Figure 6.

Autophagy activators enhanced cytotoxicity of PAMAM dendrimers in PC-12 cells. (A) PC-12 cells were incubated with or without PAMAM dendrimers in the presence or absence of the autophagy inducers trehalose for 24 h. Cell samples were stained with Cyto-ID Green autophagy dye and analyzed by confocal microscopy. Untreated cells were used as negative control. (B) The relative autophagic fluorescence intensity was quantified by confocal microscopy software. All data were presented as the means ± SD of more than three samples. (C) PC-12 cells were treated as was described in (A). The whole protein was extracted, and LC3 was analyzed by Western blot. (D) PC-12 cells were treated as was described in (A).

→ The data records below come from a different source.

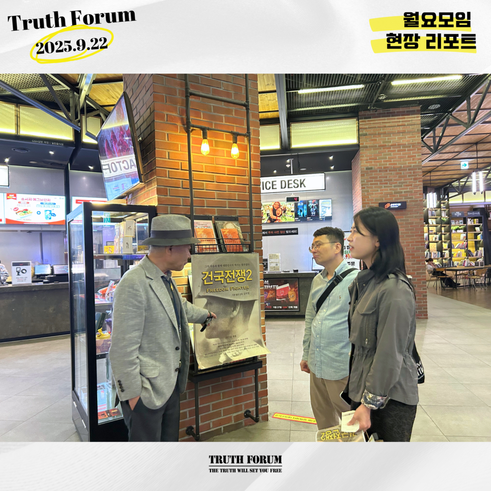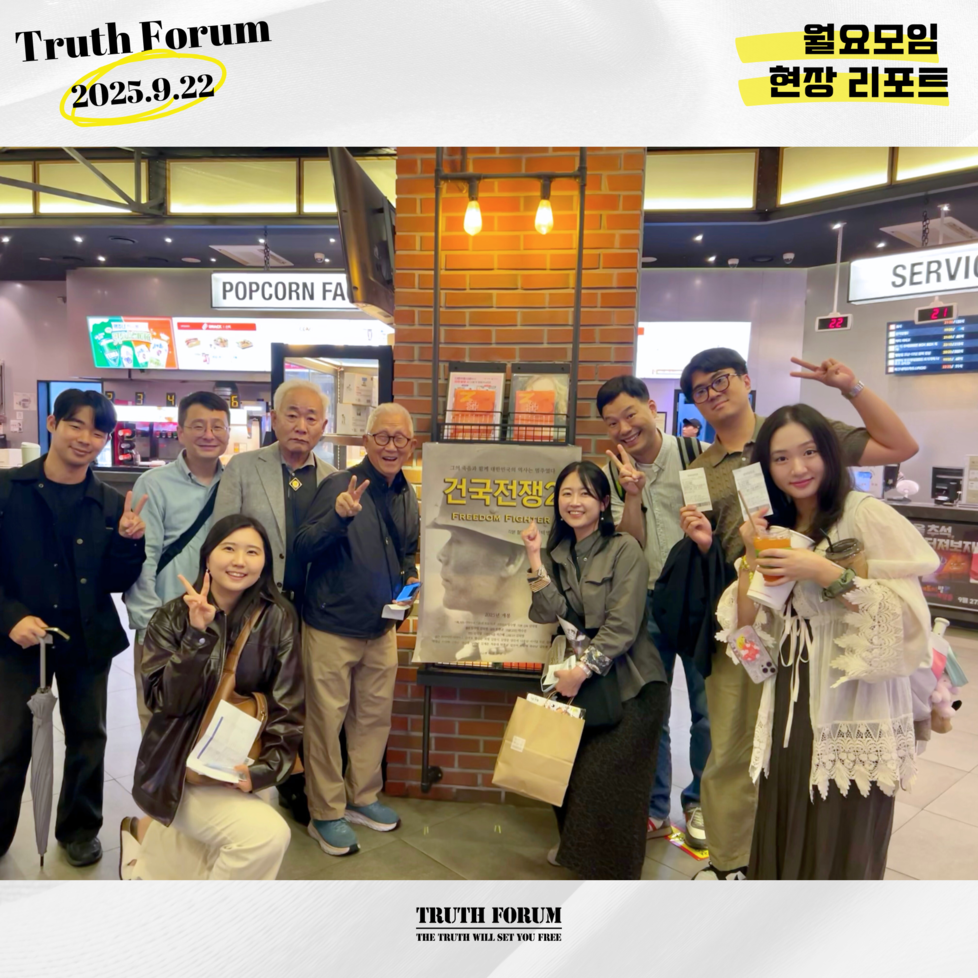 9월 22일(월) 저녁, 트루스포럼 월요모임은 CGV 강변에서 김덕영 감독의 <건국전쟁2>를 단체 관람하는 시간으로 진행되었습니다.
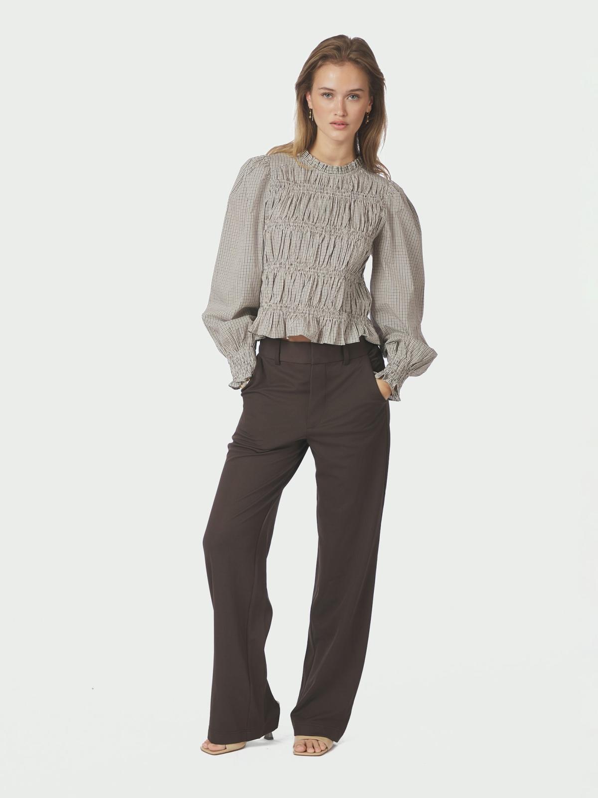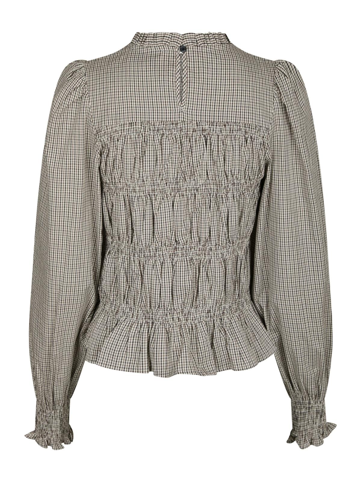Blusen er kendetegnet ved sit smock-design, som fremhæver den kropsnære pasform på en elegant måde. Det iøjnefaldende ternede mønster giver et moderne og trendy look, der kan styles til både hverdag og fest. Flæsedetaljerne bidrager yderligere til blusens feminine udtryk og tilføjer et strejf af romantik til dit outfit. Marcia Check Bluse er perfekt til dig, der ønsker en kombination af komfort og stil i din påklædning.
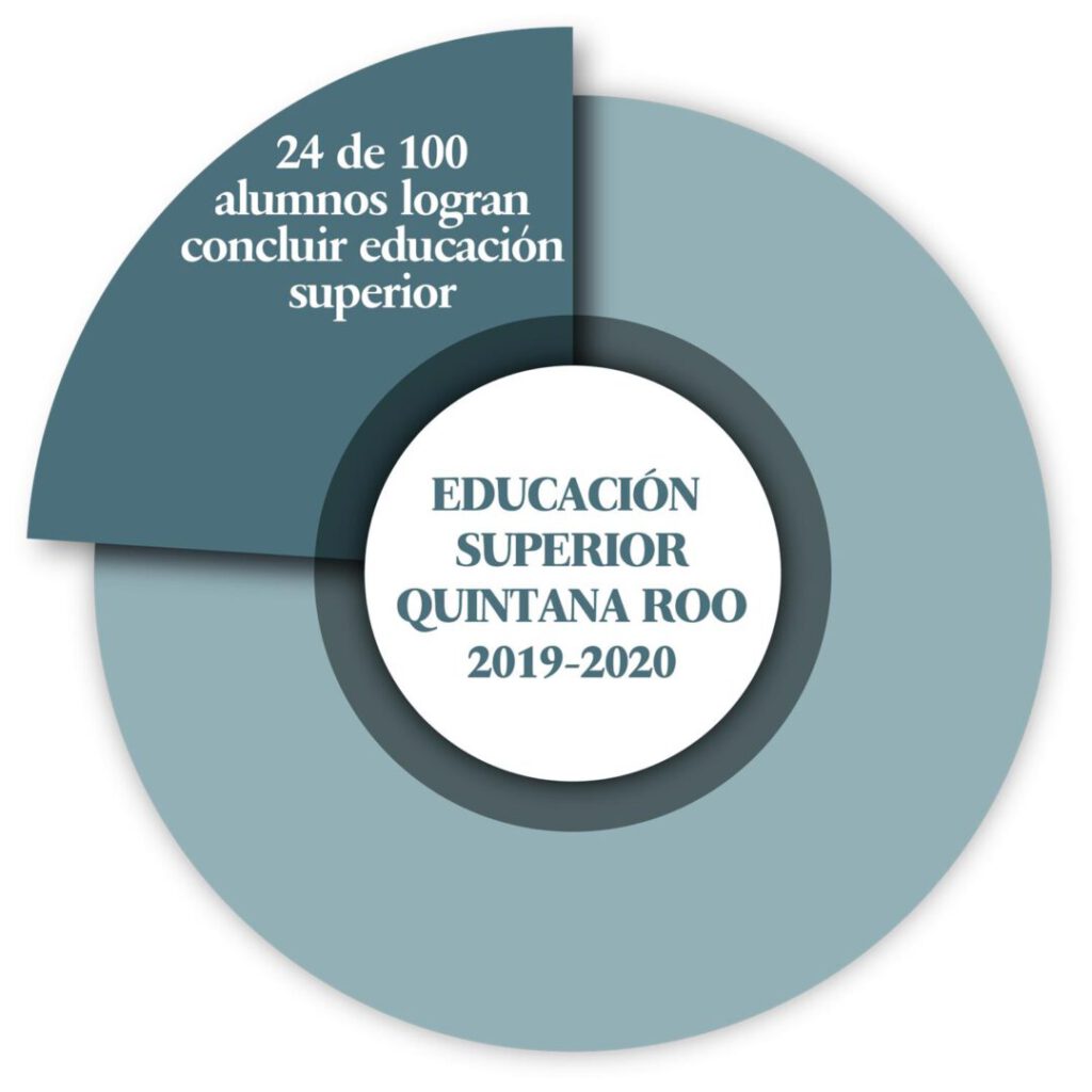 Educación: El informe de las “Principales cifras del sistema educativo nacional 2019-2020”, muestra que en Quintana Roo apenas 24 de cada 100 alumnos logran terminar la educación superior. El promedio nacional de escolaridad en el país se ubicó en 10.1 años durante el último trimestre de 2018, lo que implicaría un nivel equivalente al primer año de preparatoria y, según datos del Inegi, Quintana Roo se encuentra en ese mismo nivel; jóvenes y adultos que en su mayoría apenas han concluido un año de bachillerato.
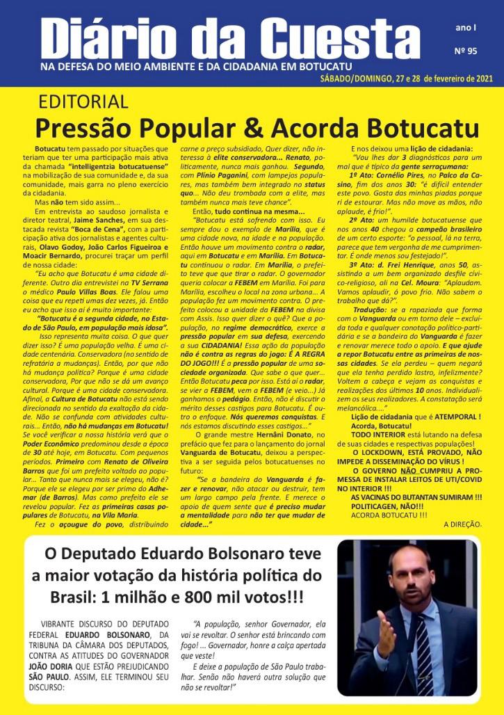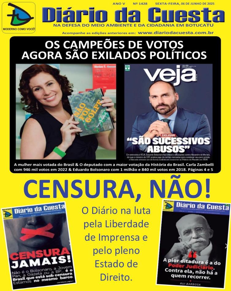O Diário da Cuesta não se responsabiliza por ideias e conceitos emitidos em artigos ou matérias assinadas, que expressem apenas o pensamento dos autores, não representando necessariamente a opinião da direção do jornal. A publicação se reserva o direito, por motivos de espaço e clareza, de resumir cartas, artigos e ensaios.
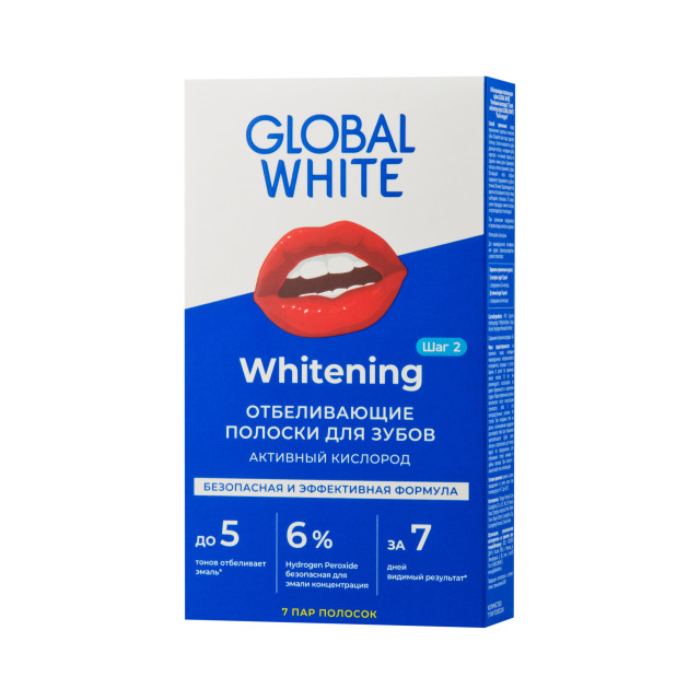 Глобал Вайт полоски д/зубов Активн.кислород отбелив. №7
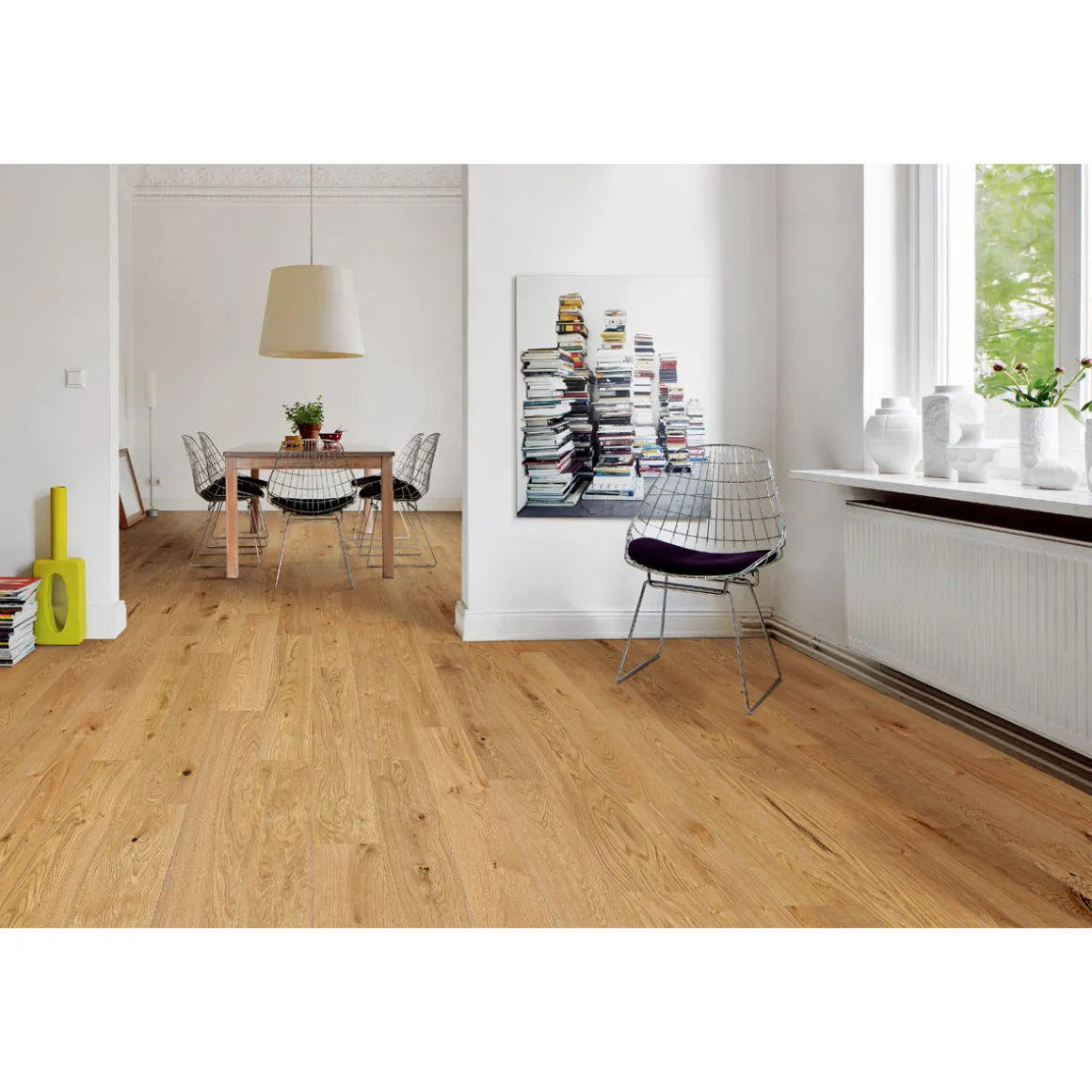 Naturgeölte gebürstete Oberfläche, längsseitig reale Fase zur Betonung der Landhausdielenoptik, HDF-Mittellage, Klickverbindung, nachhaltig produziertes Naturprodukt.
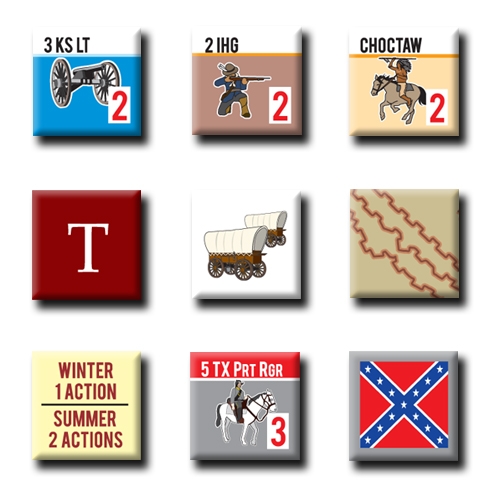 The action is driven by players alternately drawing campaign markers. Most markers enable the drawing player to conduct one or more operations, one operation being (1) moving and fighting with one force, (2) recruiting a unit, or (3) building a fort. Other markers allow the drawing player to control the "wild" Kiowa and Comanche Indians raiding from the west; they represent a danger to both sides and control switches back and forth as the control markers are drawn. The length of a turn is variable and unknown to either player; it ends after two "End" markers have been drawn fromt he campaign marker pool.
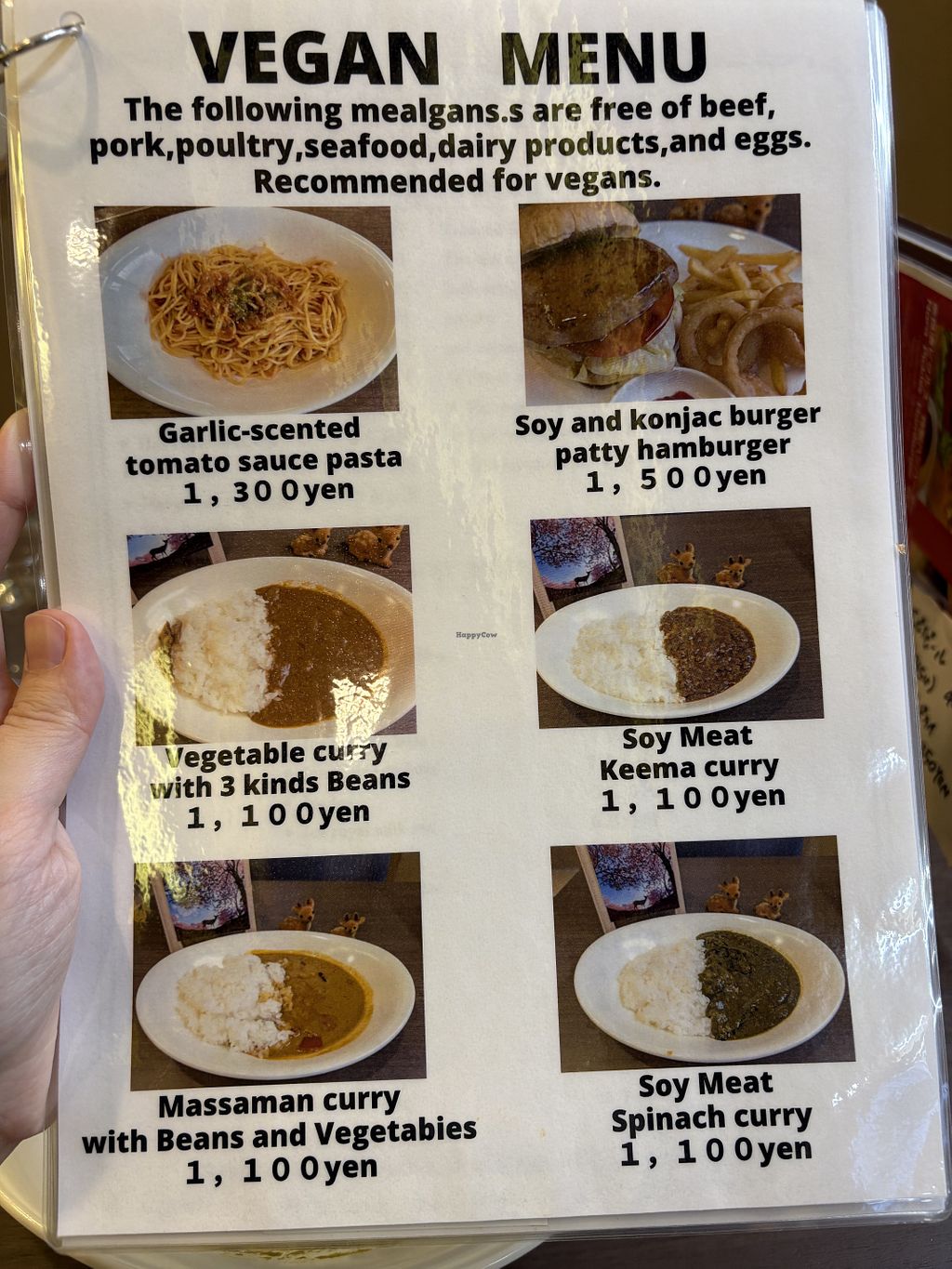Serves meat, vegan options available. Japanese-style Western cuisine served in a Japanese-style room (take shoes off). Vegan options include curry rice, soy and konnyaku burger, and garlic tomato pasta. Address in Japanese - 東向南町5 みやげ横丁内 2階. Open Mon-Sun 11:00am-5:30pm.
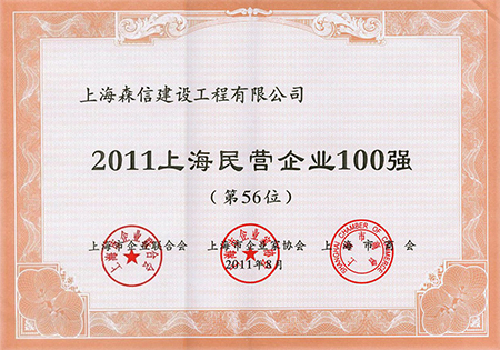 2015年9月榮獲“2015年度上海民營企業(yè)100強(qiáng)”
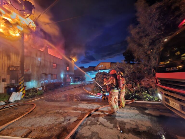 雲林木材工廠鐵皮廠房火警,消防隊員前往…

Cell growth inhibition was analyzed by CCK-8. All data were presented as the means ± SD of four samples. *p<0.05 versus Ctrl, and #p<0.05 versus PAMAM dendrimers G5-treated group. (E) PC-12 cells were incubated with or without PAMAM dendrimers in the presence or absence of the autophagy inducer rapamycin for 24 h. Cell samples were stained with Cyto-ID Green dye and analyzed by confocal microscopy. Untreated cells were used as negative control. (F) The relative autophagic fluorescence intensity was quantified by confocal microscopy software. All data were presented as the means ± SD of more than three samples. (G) PC-12 cells were treated as was described in (E). The whole protein was extracted, and LC3 was analyzed by Western blot. (H) PC-12 cells were treated as was described in (E). Cell growth inhibition was analyzed by CCK-8 assay. All data were presented as the means ± SD of four samples. *p<0.05 versus Ctrl, and #p<0.05 versus PAMAM dendrimers G5-treated group.